Dataset entries
-*-

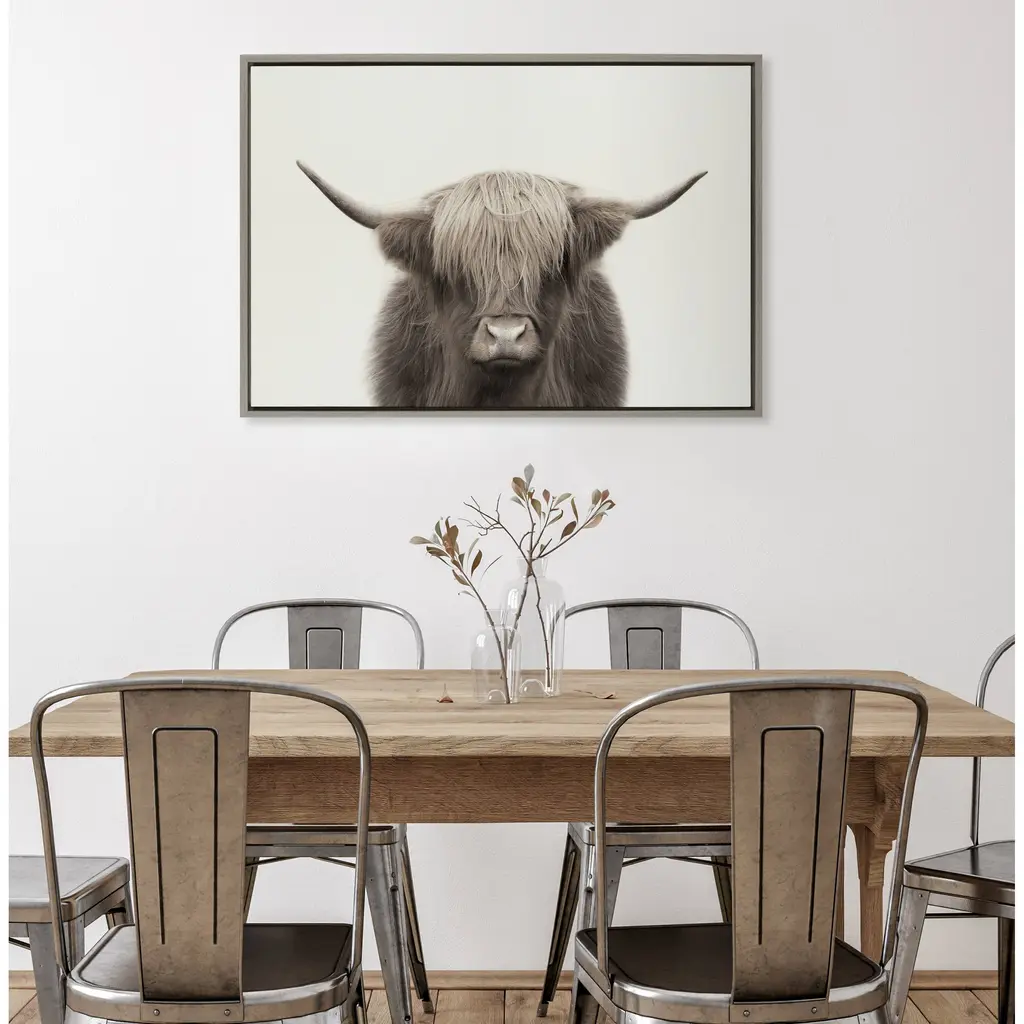 This chic, rustic cow portrait is a great way to give your home a modern farmhouse flair with its warm, rustic look and regal-looking cow. Framed in the USA in Waunakee, Wisconsin, this linen textured canvas art will be a pleasure to look at every day in your living room, bedroom, nursery, or any room in the home. Printed on gallery-wrapped canvas and framed with a lightweight polystyrene frame, this wall art has two hangers already attached to the MDF back for easy wall display. The outer dimensions are 33 inches tall by 23 inches wide by 1.63 inches deep. Print Name: "Hey Dude Highland Cow Color"
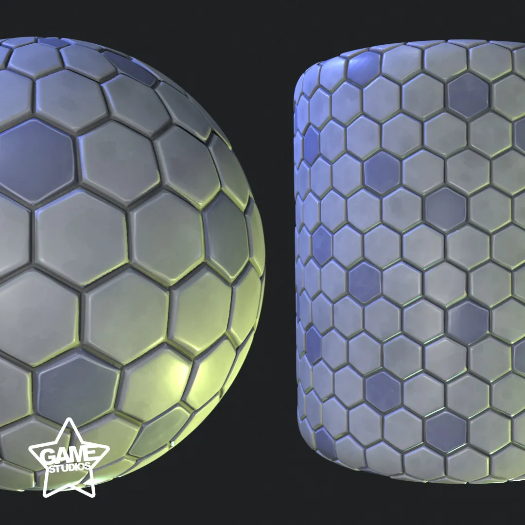 Stylized blue hexagon tile material was created in Substance Designer and render in Marmoset Toolbag.
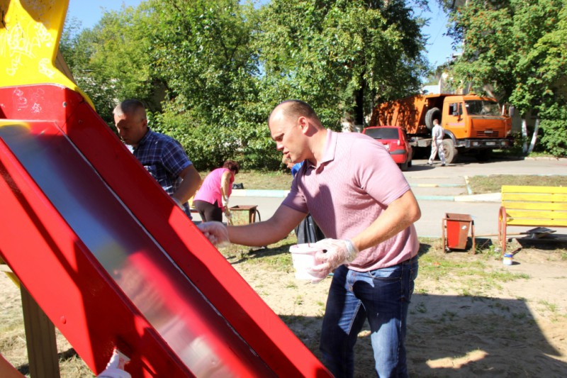 Один из первых трудовых десантов по инициативе администрации Канавинского района прошел на детской площадке по адресу: Московское шоссе,д. 284. На площадку был завезен песок, была покрашена вся площадка, убран мусор, а также восстановлено оформление входа на территорию детского городка.
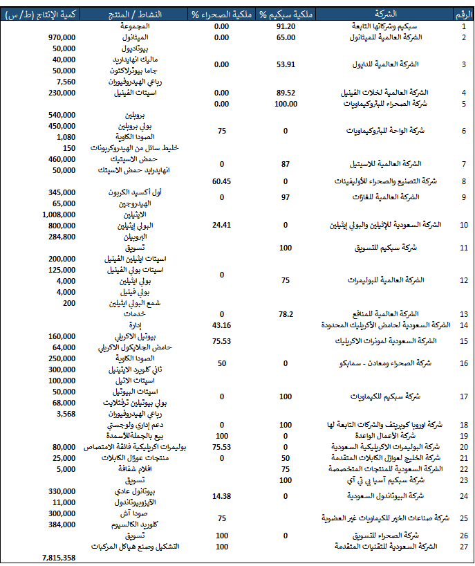 ما ذكرته آنفاً هو لتوضيح ترابط عمليات سبكيم وشركاتها وعلاقة مصانعها ببعضها البعض ولن ندخل في تفاصيل أعمق لأنها تخصصية أكثر وسأرفق لكم جدول يوضح شركات سبكيم ومنتاجاتها والطاقة الإنتاجية.
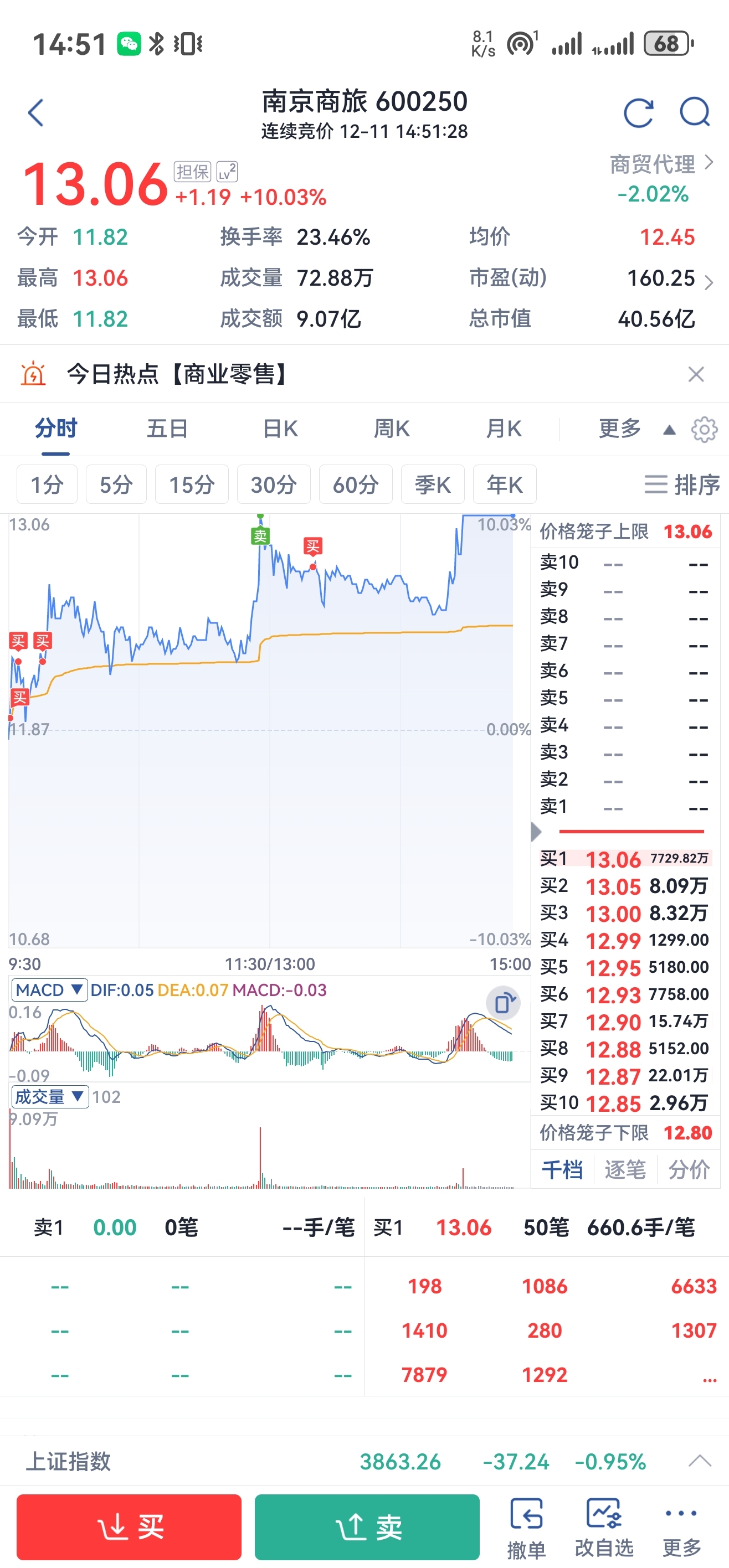 $南京商旅(SH600250)$ 昨天打板进,尾盘下杀浮亏十二个点,早盘继续加仓,午盘涨停卖出做t,下午再入两手

-*-

◆ **WHAT IS EXPECTED**
Each entry above must be duplicated precisely; none of the pictures may be included.

◆ **EXERCISE RESPONSE**
 This chic, rustic cow portrait is a great way to give your home a modern farmhouse flair with its warm, rustic look and regal-looking cow. Framed in the USA in Waunakee, Wisconsin, this linen textured canvas art will be a pleasure to look at every day in your living room, bedroom, nursery, or any room in the home. Printed on gallery-wrapped canvas and framed with a lightweight polystyrene frame, this wall art has two hangers already attached to the MDF back for easy wall display. The outer dimensions are 33 inches tall by 23 inches wide by 1.63 inches deep. Print Name: "Hey Dude Highland Cow Color"
 Stylized blue hexagon tile material was created in Substance Designer and render in Marmoset Toolbag.
 Один из первых трудовых десантов по инициативе администрации Канавинского района прошел на детской площадке по адресу: Московское шоссе,д. 284. На площадку был завезен песок, была покрашена вся площадка, убран мусор, а также восстановлено оформление входа на территорию детского городка.
 ما ذكرته آنفاً هو لتوضيح ترابط عمليات سبكيم وشركاتها وعلاقة مصانعها ببعضها البعض ولن ندخل في تفاصيل أعمق لأنها تخصصية أكثر وسأرفق لكم جدول يوضح شركات سبكيم ومنتاجاتها والطاقة الإنتاجية.
 $南京商旅(SH600250)$ 昨天打板进,尾盘下杀浮亏十二个点,早盘继续加仓,午盘涨停卖出做t,下午再入两手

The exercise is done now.